Bu bana hakikaten pek manidar görünüyor. Yani “Ben bir ülkenin başında olsam, bir hükümdar bana mektup yollamış olsa, acaba vezirlerime o mektubu nasıl haber verirdim?” diye düşünüyorum kendimce. Öyle ya, Kur’an sadece birimiz için değil, hepimiz için nazil oluyor. Ben de arza nazil olmuş bu ayetin, kalbime de hikmetiyle nazil olması için tefekküre başlıyorum: “Ben olsam, hemen vezirlerime gider şöyle derdim: Bakın, Süleyman isminde bir hükümdar bize bir tehdit mektubu yollamış. Kim bu hükümdar ve gücü nedir? Mektubundan anladığım kadarıyla bizimle uğraşacak gibi... Orduları savaş ihtimaline göre hazır tutun.”

Evet, benim aklıma bunlar geliyor. Ama hayır, Belkıs bunların hiçbirini söylemiyor, hiçbir cümlesi de benim bu cümlelerimi çağrıştırmıyor. Benim dünyevî endişelerimin aksine, sanki onun başka bir endişesi ve başka bir heyecanı var gibi... O, mektupta daha önce duymadığı bir cümleye (kurban olayım o cümleye) takılıp kalıyor. Belki o cümleden büyük bir teselli alıyor, büyük bir medet umuyor; darda kalmış her kul gibi. Belki içten içe de seviniyor, Hz. Süleyman’dan böyle bir haber aldı diye.

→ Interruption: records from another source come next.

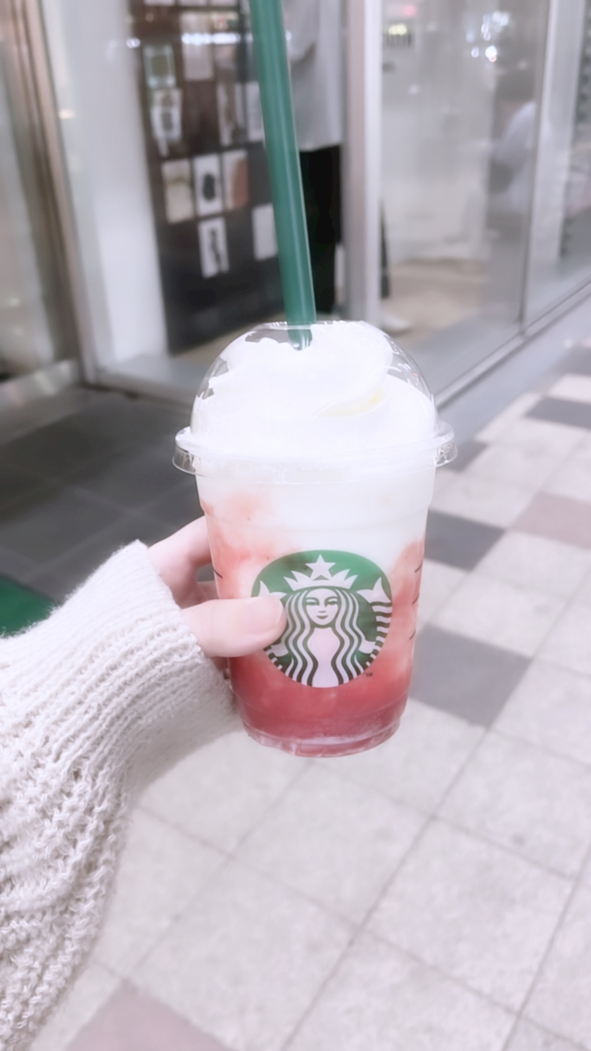 昨日念願のスタバのストロベリーフラペチーノ飲んできました🍓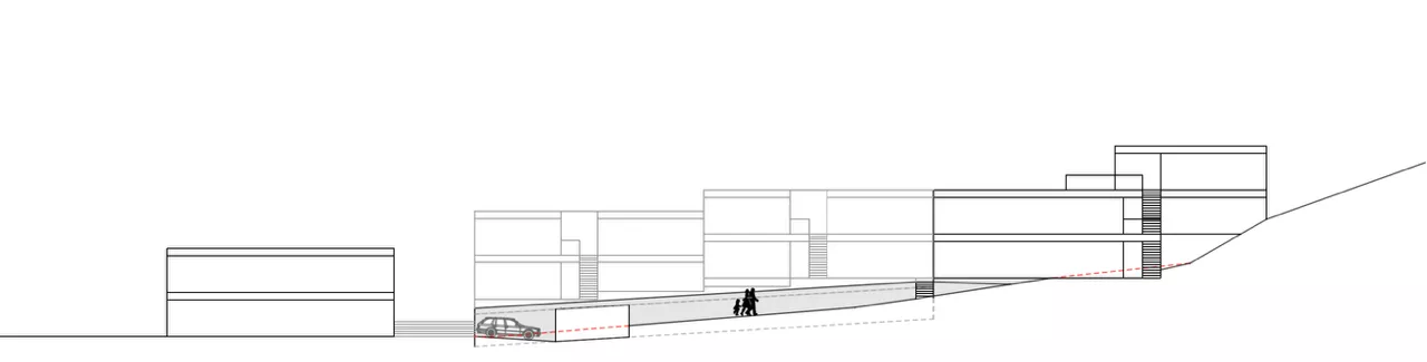 Au cœur du site, un couvert à voiture végétalisé crée un espace central ouvert, qui donne une sensation d’ampleur — amplifiée par le dénivelé naturel du terrain.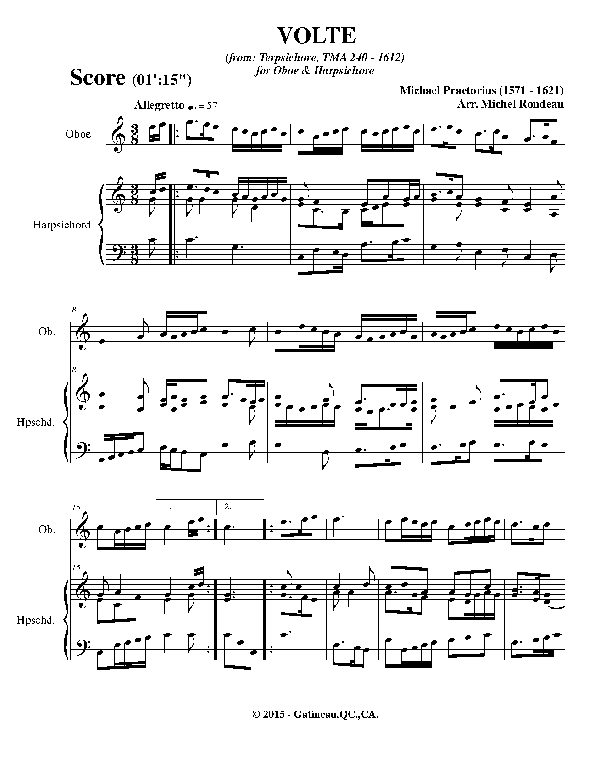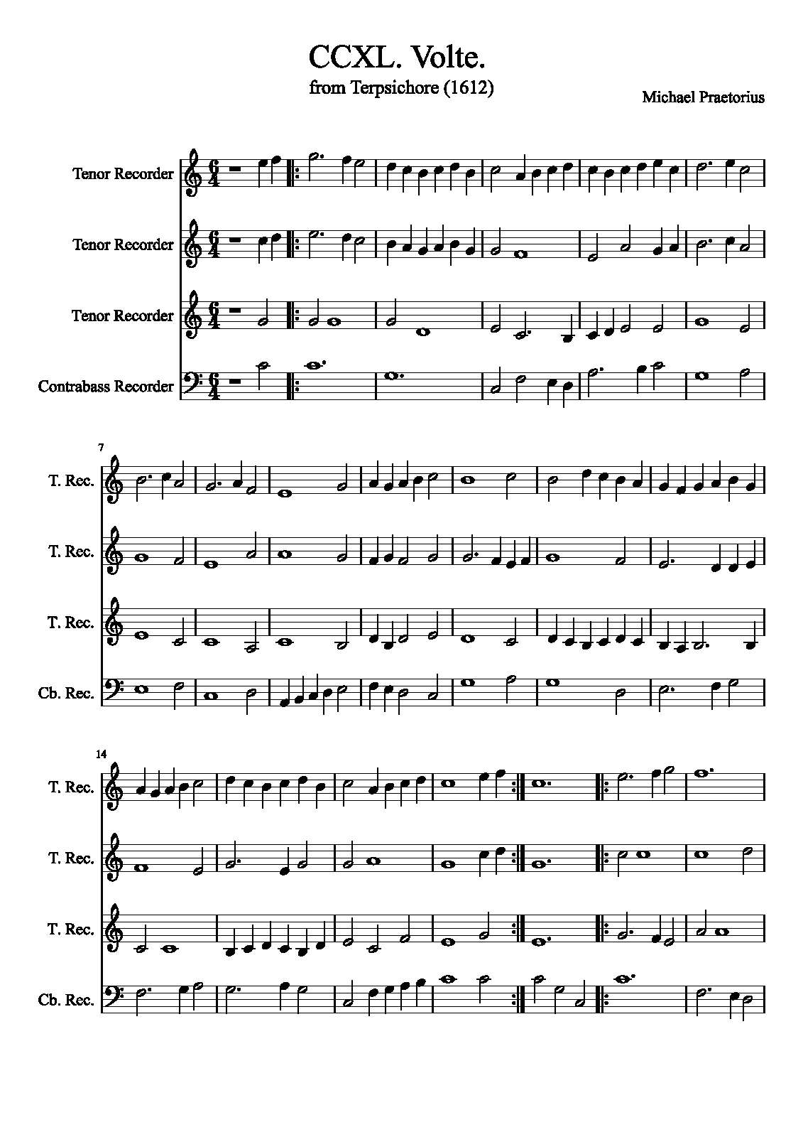 | Extra Information | These pieces were assembled and arranged by Praetorius for his 1612 collection. It is unknown how many, or if any, of the works in the collection were actually composed by Praetorius as opposed to being popular dance tunes arranged by him. The instrumentation is not specified in the original, and simply listed as "à 4". |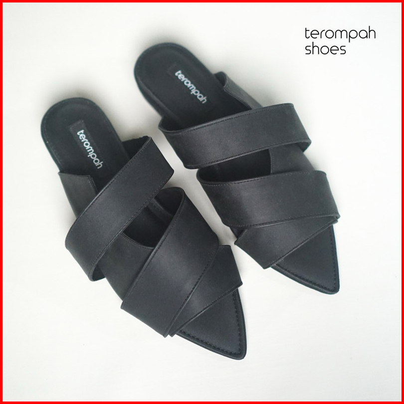 Tarompah Bella Black Mules Wanita Nyaman Elegan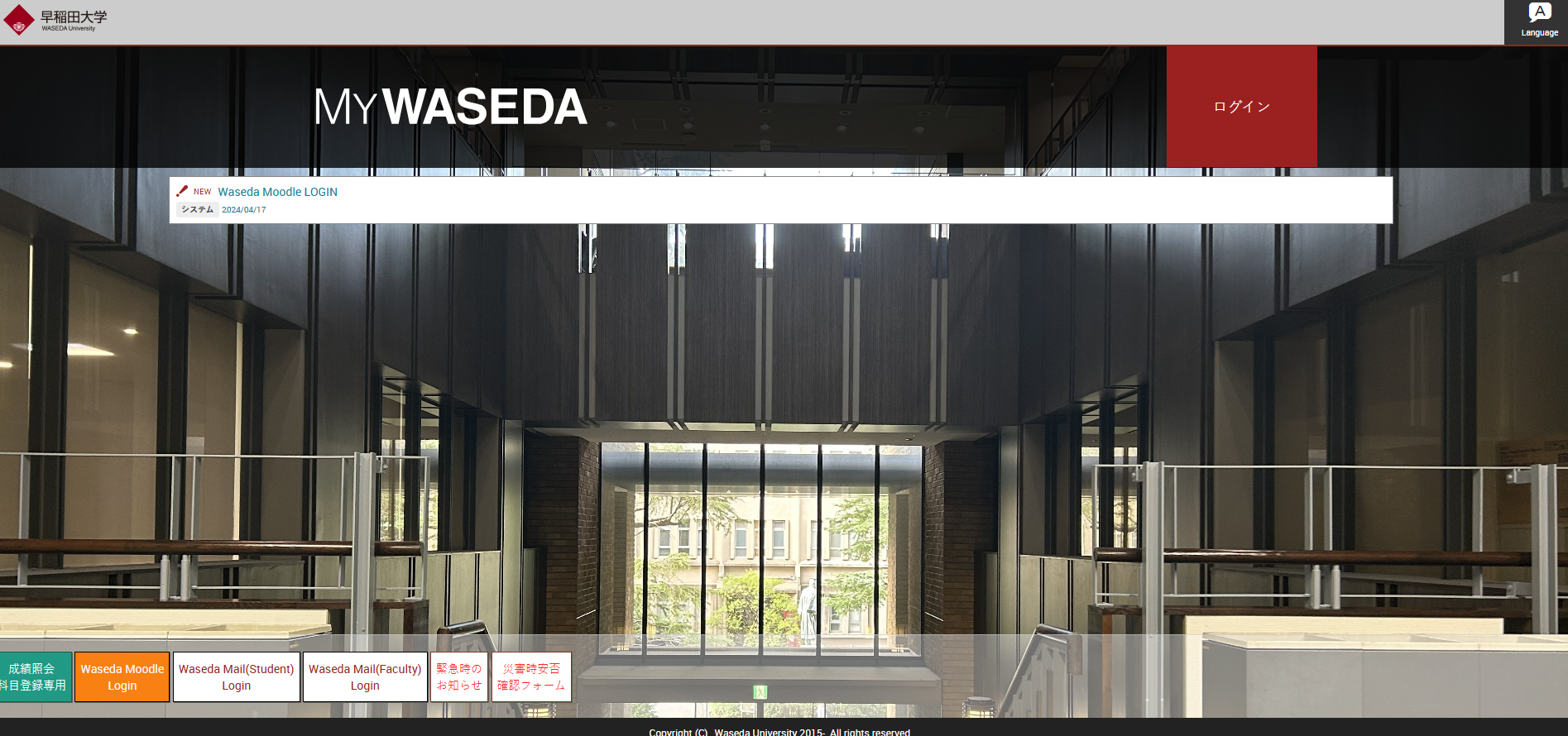 早稲田大学の学生用ポータルサイトMyWasedaは、授業情報・履修登録・図書館予約などをまとめ、学生生活に必要な機能を一画面から操作可能。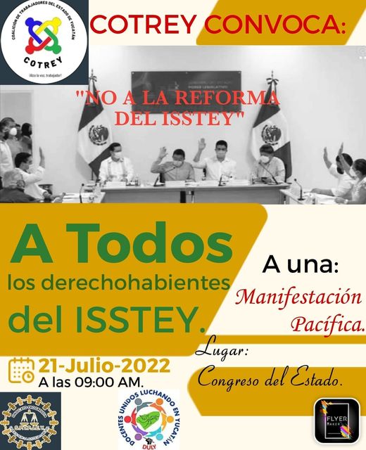 Los directivos y miembros del Cotrey convocan a los derechohabientes del Isstey para participar en la lucha que está en contra de la nueva Ley del Isstey,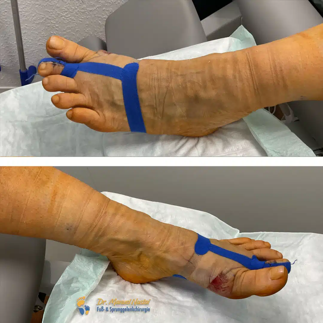 Am zweiten Zeh setzen wir auf eine schonende Fixation mit Tape-Verbänden – ohne zusätzliche Drahtfixation. Ziel ist es, den natürlichen Fußaufbau wiederherzustellen und schmerzhafte Konflikte nachhaltig zu vermeiden.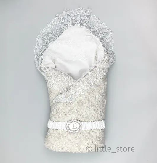 Стильный конверт на выписку и дальнейшее использование. Практичный и функциональный конверт обладает рядом преимуществ: сьемный кружевной уголок, который при желании можно снять; сьемный нарядный поясок с вышитым шевроном застегивается на липучку и тем самым облегчает использование; конверт без нарядного уголка и пояска превращается в полноценное теплое одеяло с пододеяльником. Благодаря молнии на внутренней стороне конверта - одеяло можно вытащить и получить более легкий вариант пледика, на теплое время года. Размер конверта-одеяла 85см х 85см.
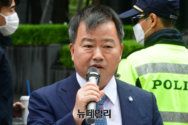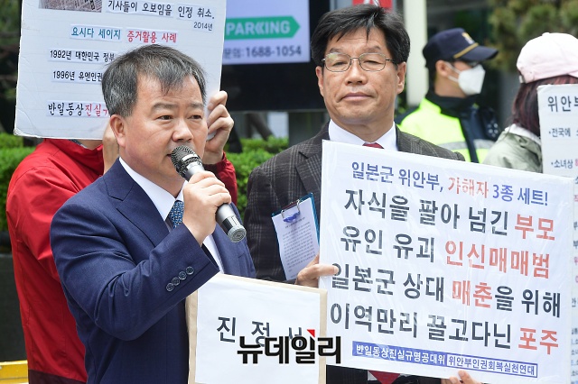 김기수 자유와통일을향한변호사연대(이하 자변) 대표가 19일 오후 서울 종로구 위안부소녀상 인근에서 열린 위안부 진실규명 기자회견에서 진정서를 들고 발언하고 있다.공대위는 "수요집회가 위안부 문제의 해결이 아니라 성노예 문제의 해결로 변질됐다"며 "군위안부의 삶을 살았던 어르신들이 성노예로 비하됐고, 청소년들에게는 끔찍한 전쟁범죄, 성노예의 개념이 주입됐다"고 했다.이어 "정대협과 정의기억연대는 수요집회에 참여한 청소년들에게 '강제연행' '성폭행' '전쟁범죄' '성노예' 등을 교육 시켜 정신건강 및 정신발달에 해를 끼쳤다"며 국가인권위원회의 인권침해행위 조사를 촉구했다.공대위는 기자회견 후 이 내용을 담은 진정서를 국가인권위원회에 접수할 예정이다.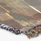 Lindos padrões de abstrato em castanhos escuros, com cinzas azuis e ouro amarelo.

Ben de bu ayet-i kerimeden hareketle Belkıs’ın o anki psikolojisini anlamaya çalışıyorum. Düşünsenize, devletin başında yalnız bir kadın. Kim bilir ne entrikalar dönüyor çevresinde. Ne savaşlar, ne hileler yaşanıyor. Onunsa bütün bunlara karşı tesellisi, bir fiskeyle yıkılmaya mahkum makamı. Muhtemelen şefkate daha müsait olan kadın kalbiyle çevresindekilerden daha etkileniyor böyle şeylerden. Bir dayanak, bir destek arıyor. Teselli bulabileceği bir isme/isimlere tutunmak istiyor. Fakat elinde öyle bir şey de yok. Belki o zamana kadar sahte ilahlarına Rahman ve Rahim isimlerinin manasını yakıştıramamış Saba ülkesi teolojisi, onun kalbine bu tarz bir teselliyi sunamıyor. Belki de Belkıs, tıpkı “Batıp gidenleri sevmem” diyen Hz. İbrahim (a.s.) gibi bir arayış içinde... O da kendisine açılacak bir ismi/isimleri bekliyor: “Rahman ve Rahim bir Allah...”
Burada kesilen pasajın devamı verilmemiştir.